CEEPR Working Paper 2021-001, January 2021
Cristian Junge, Dharik Mallapragada, and Richard Schmalensee
Variable renewable energy (VRE) resources, mainly wind and solar, are becoming increasingly important sources of electricity in many regions. Because the maximum output of VRE generators is variable and imperfectly predictable, however, increased penetration of VRE generation makes it more difficult for power system operators to match supply and demand at every instant. The traditional solution to this problem would be to employ more gas turbines or gas combined-cycle plants, both of which can increase and decrease output rapidly. But building more gas-fired generation is inconsistent with climate policy mandates and a desire to reduce carbon dioxide emissions.
As the costs of storage, particularly lithium-ion battery storage, have rapidly declined, storage has emerged as a potentially attractive, carbon-free alternative solution to problems posed by increased VRE penetration. Policymakers are therefore encouraging the deployment of storage. In California, for instance, the Public Utilities Commission has been requiring load-serving entities to procure storage since the promulgation of statutory requirements in 2010. Battery storage targets have also been established, inter alia, in Massachusetts, Nevada, New Jersey, New York, and Oregon, and are under consideration in other states. At the national level, the Federal Regulatory Commission has issued Order 841, which is intended to open wholesale energy markets to merchant storage providers.
In a new CEEPR Working paper titled “Energy Storage Investment and Operation in Efficient Electric Power Systems”, Cristian Junge, Dharik Mallapragada and Richard Schmalensee explore what economic theory implies about the general properties of cost-efficient electric power systems in which storage performs energy arbitrage to help balance supply and demand. They start from a Boiteux-Turvey-style investment planning model that generally assumes constant returns to scale in generation, offering a reasonable approximation for systems without significant coal or nuclear generation. There are a number of ways that storage has been added to models of this sort, but Junge et al. consider an explicitly dynamic Boiteux-Turvey-style model with perfect foresight, assuming constant returns to scale in storage as well as in generation. They proceed to simulate a deeply decarbonized “Texas-like” power system under greenfield conditions with two available storage technologies: Lithium-ion batteries and power-to-hydrogen-to-power.
Applying this analytical framework, Junge et al. are able to obtain a number of general results regarding investment in and operation of storage facilities under competition. Overall, the analysis reveals the greater complexity of efficient investment in and operation of storage facilities. In general, even under an assumption of constant returns to scale, storage technologies are described by the values of seven cost and performance parameters. Like reservoir hydroelectric facilities, optimal energy storage discharge depends on expectations about future demand and supply conditions, encapsulated in the shadow value of stored energy. Unlike reservoir hydro facilities, charging energy storage facilities (including pumped hydro facilities) is a decision, not something determined by nature, and the choice of storage capacity is generally less constrained than the choice of reservoir capacity.
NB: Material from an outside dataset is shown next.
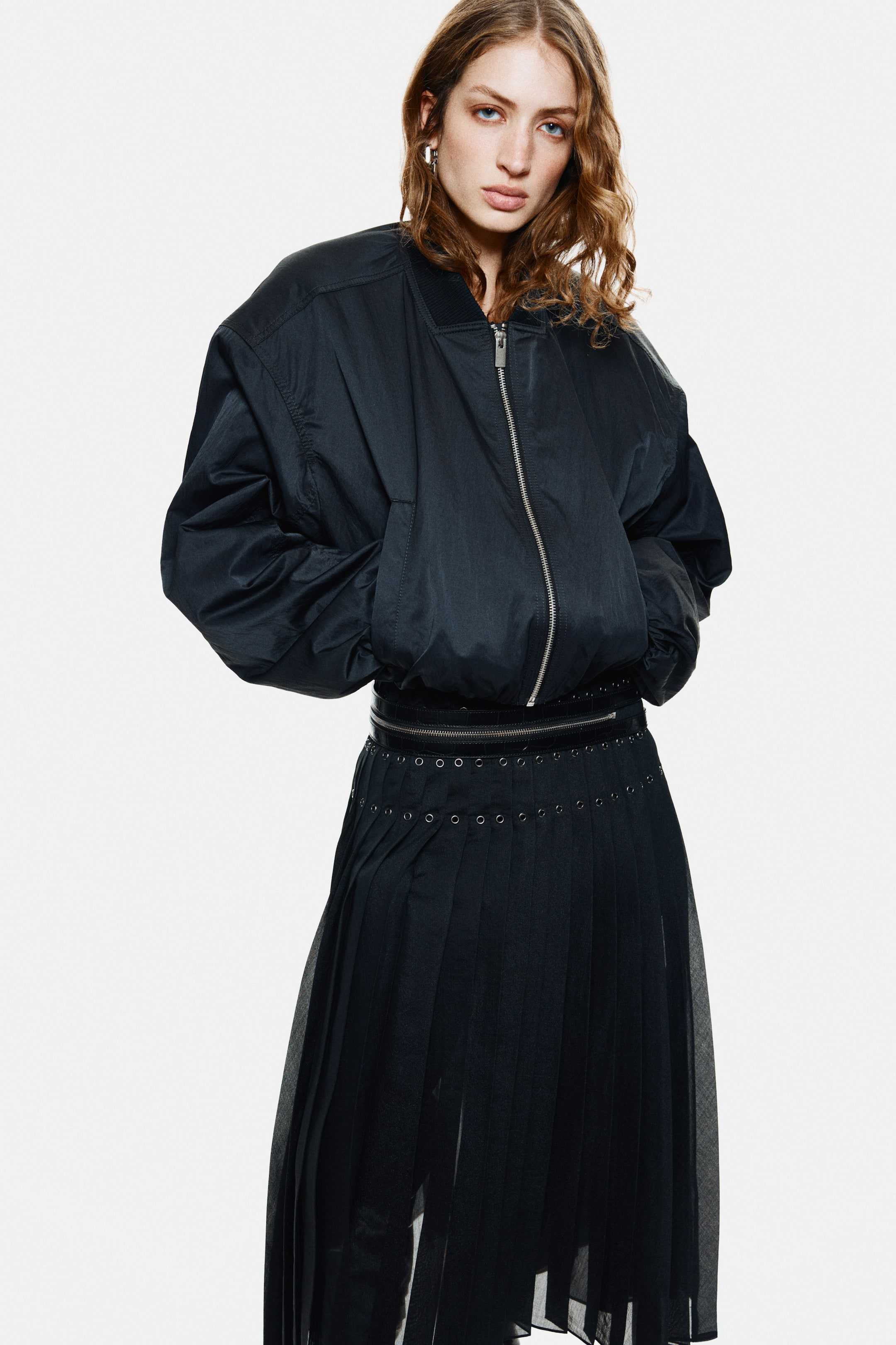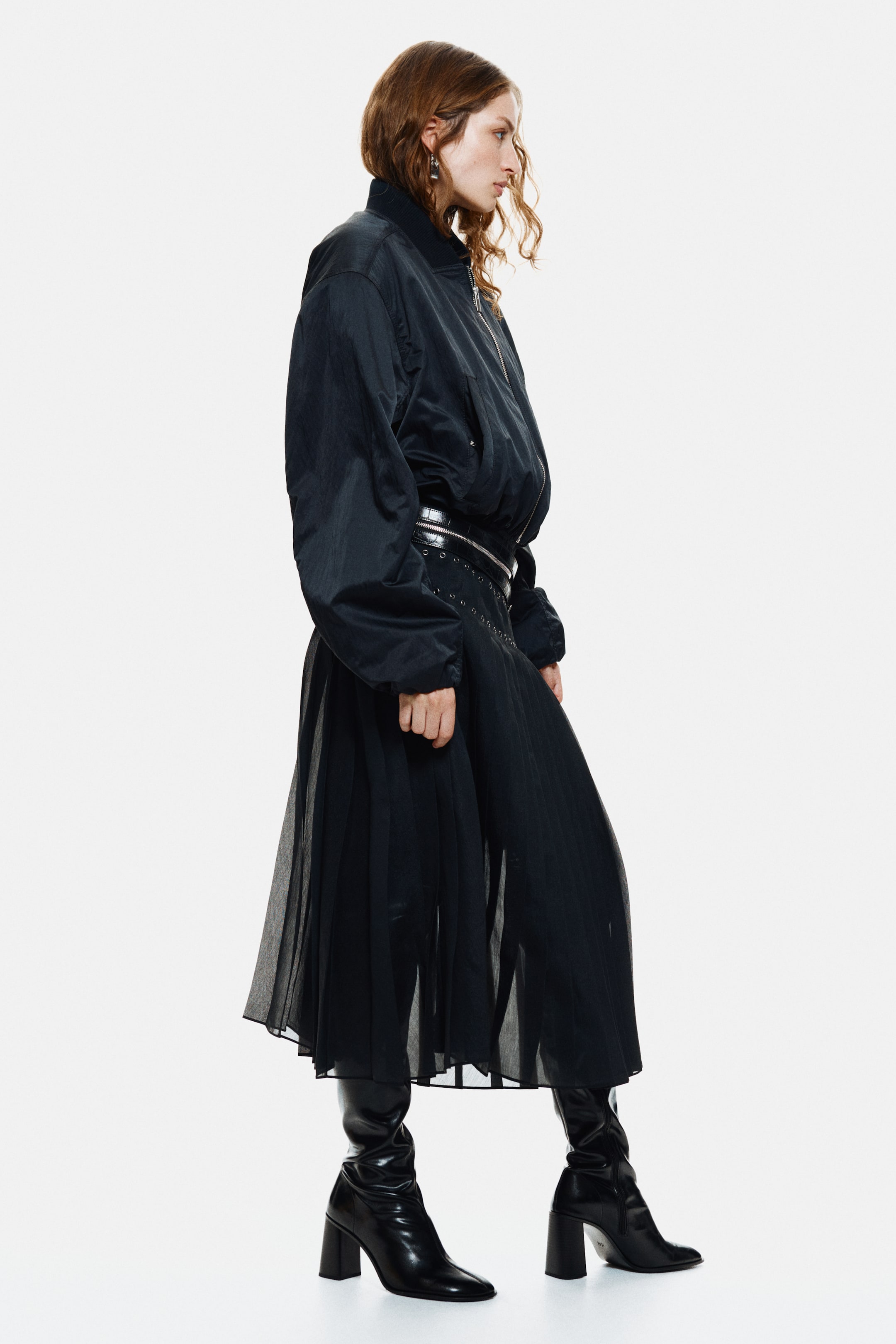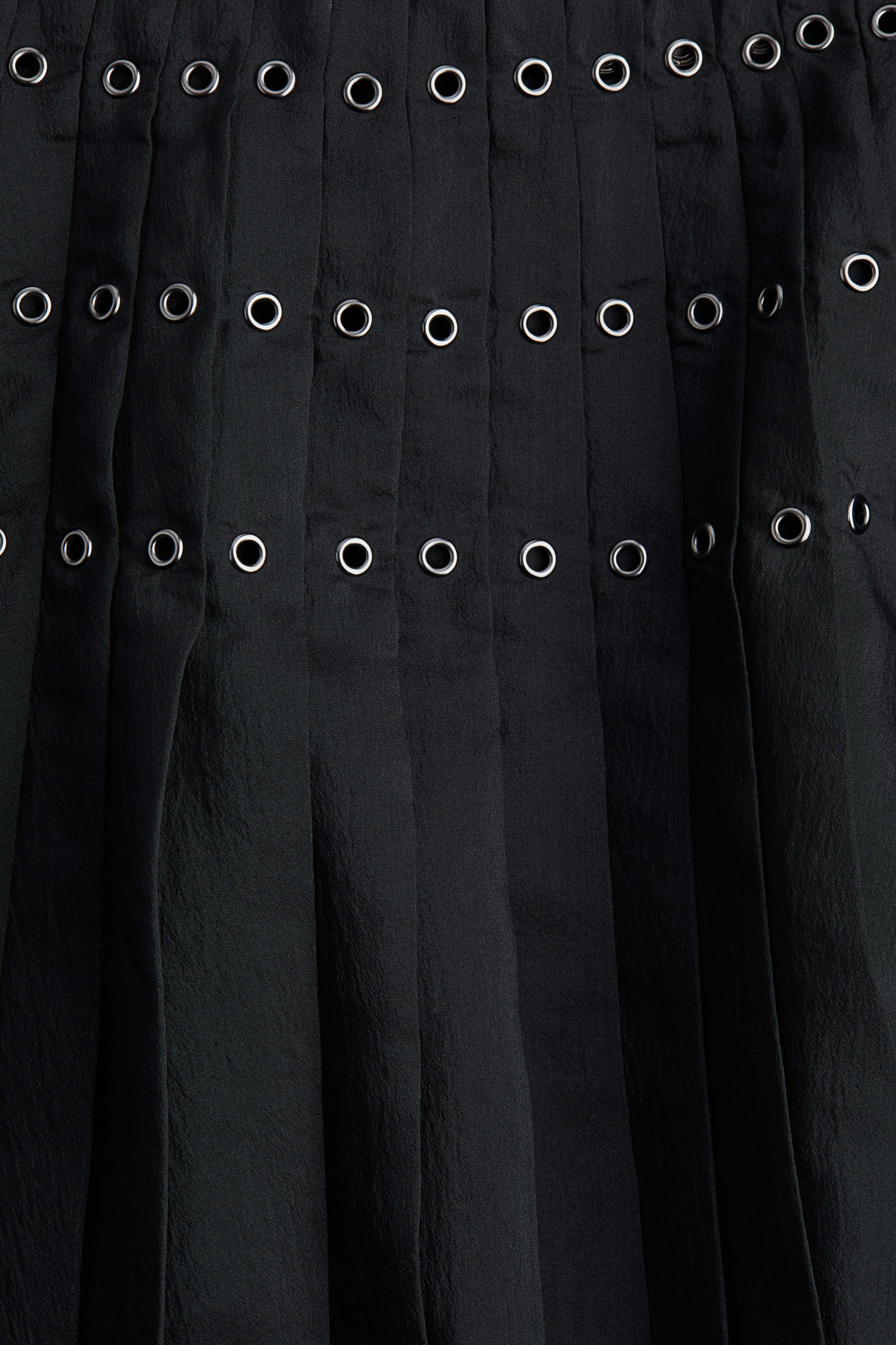 Gonna svasata in chiffon plissettato, lunghezza al polpaccio. Vita normale con tre file di occhielli in metallo. Cerniera nascosta su un lato. Foderata.

Junge et al. nonetheless demonstrate that all storage technologies employed just break even at a social optimum. Since social optima and competitive equilibria coincide in their model, this break-even result provides some support for general reliance on markets to drive investments in energy storage. They also shown how optimal storage operation depends on the shadow value of stored energy, though that unobservable shadow value depends on conditions in future periods. The simulation suggests that it is not possible to establish fully general results regarding investment in and operation of multiple storage technologies; in other words, there is no simple merit-order analog even under perfect foresight.
What the authors further demonstrate is that, if it is optimal to employ multiple storage technologies, the ones with the lowest capital cost of energy storage capacity are generally best suited to providing long-term storage. But the analysis also shows by example that storage technologies optimally play multiple roles in grid operations, providing charge-discharge cycles of various durations. The simulation exercises used in the analysis show that when multiple storage technologies are employed, frequency domain analysis is useful for characterizing the relative importance of the different cycle durations that each provides, and that these relative weights depend on the mix of generation and storage technologies employed.
Concluding their research, Junge et al. see three important directions for future work. First, they point to the decision in many organized markets to cap energy prices below the true value of lost load, leading the competitive market to exhibit a “missing money” problem in which the equilibrium level of reliability provided will be too low because it will reflect the price cap rather than the true value of lost load. In such systems, subsidies to investment in storage may offer a preferable response to the missing money problem than widely used capacity mechanisms, a possibility that has yet to be proven. Second, they recommend further research on frequency domain analysis to examine how the power spectra of alternative storage technologies respond to changes in cost parameters and system conditions. And finally, they point to a need for computational models that can be used to optimize the operation of real storage systems under realistic stochastic processes of demand and VRE generation, with realistically imperfect foresight.
Cristian Junge, Dharik Mallapragada, and Richard Schmalensee (2021), “Energy Storage Investment and Operation in Efficient Electric Power Systems.” MIT CEEPR Working Paper 2021-001, January 2021.